Copyright Suit Backfires

Going to wait for the inevitable deep dives on this one as, based on the article and some others I had a look at, it is perplexing on some many levels why the guy thought he'd have any kind of case.

Calling you book 'The Fellowship of the King' is all kinds of wrong-footingly evil.
 
Oh, read about that one and I've been waiting for the verdict. The mother of all self-owns.
 
Did anyone send the Guardian money to help them fight the good fight of reporting on the stupidity of the world? Not me; no PayPal, check, or cash under the table. Not one single cent, or penny, as I think it's in the UK.
 
Oh, read about that one and I've been waiting for the verdict. The mother of all self-owns.
Which just goes to show when you think you've seen utter stupidity, someone comes along with complete and utter stupidity. What a knob jockey that the guy even contemplated he had a case.

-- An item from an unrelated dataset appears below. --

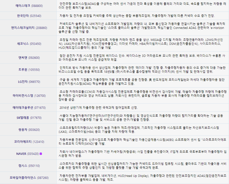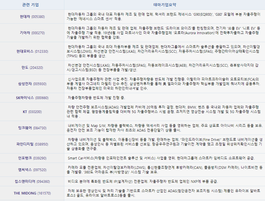 안녕하세요 탱크입니다 오늘은 어떤 하루를 보내고 계신가요?저는 오늘 사무실을 정리하고 집에 돌아왔습니다. 몇 달 전부터 계속 다니던 회를 그만두고 왔어요.그래서 이제 곧 포스팅할 시간도 많고, 다양한 정보에 대해서 포스팅해보려고 합니다. 요즘 현대차와 기아차주가 많이 달렸어요. 최저점으로 잡았으면 이미 300%의 수익을 얻으신 분도 있어요. 하지만 밑바닥에서 며칠 만에 인양했기 때문에 사실상 진입이 어려운 부분이 있다고 봅니다.포스팅은 자동차 주가 상승하고 있는 상황에서, 우리는 자율주행 시대에 맞춰 어떤 주식을 인수해야 하는지 알아보고 관련 정보를 정리했습니다. 종목뿐만 아니라 관련된 핵심 기술에 대해, 그리고 순위를 알아보면서 이웃과 소통하는 시간을 갖도록 하겠습니다.1.1 자율주행은?2. 현 현대 기아차의 기술력은? 3. 관련주는?자율주행은 운전자가 핸들, 가속 페달, 브레이크 등의 차량을 조작하지 않아도 스스로 주행하는 자동차를 말합니다. 최근 자동차 관련 기술이 발달하면서 전기차 업계의 테슬라뿐 아니라 국내외 주요 자동차 업계도 자율주행차 개발에 박차를 가하고 있습니다. 이에 따라 한국 정부도 자율주행차 관련 규제를 대폭 완화하는 등 관련 산업 육성을 위한 정책 역량을 집중하고 있습니다.

"Where'd you get the name Aragorn from?"

"I made it up, your honour, God's truth. I've never even heard of this Tolkein guy!"
 
This should quiet somewhat the voices that keep saying fanfiction is a fair use under copyright law. No, it isn't.
 
I'll be curious to see if he can succeed in an appeal regarding the requirement to destroy all copies of it, or if that only applies to copies intended for distribution. Barring a change in copyright law in the interim, he could maybe sit on his original copy until 2044 when LotR becomes public domain and release it then.
Or maybe he's too burned from his experience to even bother now, haha.
 
This should quiet somewhat the voices that keep saying fanfiction is a fair use under copyright law. No, it isn't.
I'm not saying fanfic is or is-not fair use -- but this case seems quite different in involving commercialization of the work (not to mention following that up with a lawsuit against the rights-holder), no?
 
I'm not saying fanfic is or is-not fair use -- but this case seems quite different in involving commercialization of the work (not to mention following that up with a lawsuit against the rights-holder), no?

Whether or not someone makes money off a work is "a factor" in determining whether it's a fair use, but it's not a determinative factor, and I'm not aware of any case that definitively says that just because you don't make money off it your fanfiction is a fair use. I don't believe that's true.

This is all just legalism. As a practical matter a great deal of fanfiction is tolerated, and I think it's because many copyright owners have become savvy enough to understand that fanfiction adds value to rather than detracts value from their intellectual property.
 
Whether or not someone makes money off a work is "a factor" in determining whether it's a fair use, but it's not a determinative factor, and I'm not aware of any case that definitively says that just because you don't make money off it your fanfiction is a fair use. I don't believe that's true.

This is all just legalism. As a practical matter a great deal of fanfiction is tolerated, and I think it's because many copyright owners have become savvy enough to understand that fanfiction adds value to rather than detracts value from their intellectual property.
Like i say, you may very well be right. I just didn't get the impression (albeit from only looking at a couple of articles) that this particular case had much relevance to the question, one way or another.
 
This particular book had extensive copying (with attribution) from Tolkien's works. It didn't simply re-use characters, settings, or that sort of thing.